## [Stored data]
[Start of section]
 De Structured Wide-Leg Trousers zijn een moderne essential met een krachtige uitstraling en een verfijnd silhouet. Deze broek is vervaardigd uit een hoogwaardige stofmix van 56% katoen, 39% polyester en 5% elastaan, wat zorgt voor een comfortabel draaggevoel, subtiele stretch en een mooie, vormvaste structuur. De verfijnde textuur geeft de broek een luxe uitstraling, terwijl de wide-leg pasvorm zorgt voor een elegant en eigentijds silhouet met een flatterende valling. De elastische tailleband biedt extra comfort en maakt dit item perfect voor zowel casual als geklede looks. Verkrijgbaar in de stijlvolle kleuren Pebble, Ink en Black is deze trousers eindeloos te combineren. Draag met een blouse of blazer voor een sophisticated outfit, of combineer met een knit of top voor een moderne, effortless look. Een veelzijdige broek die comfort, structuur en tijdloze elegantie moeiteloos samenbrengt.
[End of section]
[Start of section]
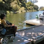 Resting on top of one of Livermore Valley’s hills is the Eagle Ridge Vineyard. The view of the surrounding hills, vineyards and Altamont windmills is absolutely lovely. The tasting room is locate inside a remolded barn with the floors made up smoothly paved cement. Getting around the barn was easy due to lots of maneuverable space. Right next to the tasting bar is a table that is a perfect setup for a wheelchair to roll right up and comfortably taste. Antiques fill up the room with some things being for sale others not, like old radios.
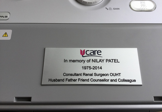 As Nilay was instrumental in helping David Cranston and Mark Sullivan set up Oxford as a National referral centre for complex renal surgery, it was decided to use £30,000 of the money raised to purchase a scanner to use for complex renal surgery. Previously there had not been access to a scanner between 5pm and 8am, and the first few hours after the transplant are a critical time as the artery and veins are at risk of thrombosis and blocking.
[End of section]
## [What the task asks]
The stretch to restate runs from the line above containing "Resting on top" through the line containing "As Nilay was". Copy it word for word, ends included, without pictures.

## [Expected answer]
 Resting on top of one of Livermore Valley’s hills is the Eagle Ridge Vineyard. The view of the surrounding hills, vineyards and Altamont windmills is absolutely lovely. The tasting room is locate inside a remolded barn with the floors made up smoothly paved cement. Getting around the barn was easy due to lots of maneuverable space. Right next to the tasting bar is a table that is a perfect setup for a wheelchair to roll right up and comfortably taste. Antiques fill up the room with some things being for sale others not, like old radios.
 As Nilay was instrumental in helping David Cranston and Mark Sullivan set up Oxford as a National referral centre for complex renal surgery, it was decided to use £30,000 of the money raised to purchase a scanner to use for complex renal surgery. Previously there had not been access to a scanner between 5pm and 8am, and the first few hours after the transplant are a critical time as the artery and veins are at risk of thrombosis and blocking.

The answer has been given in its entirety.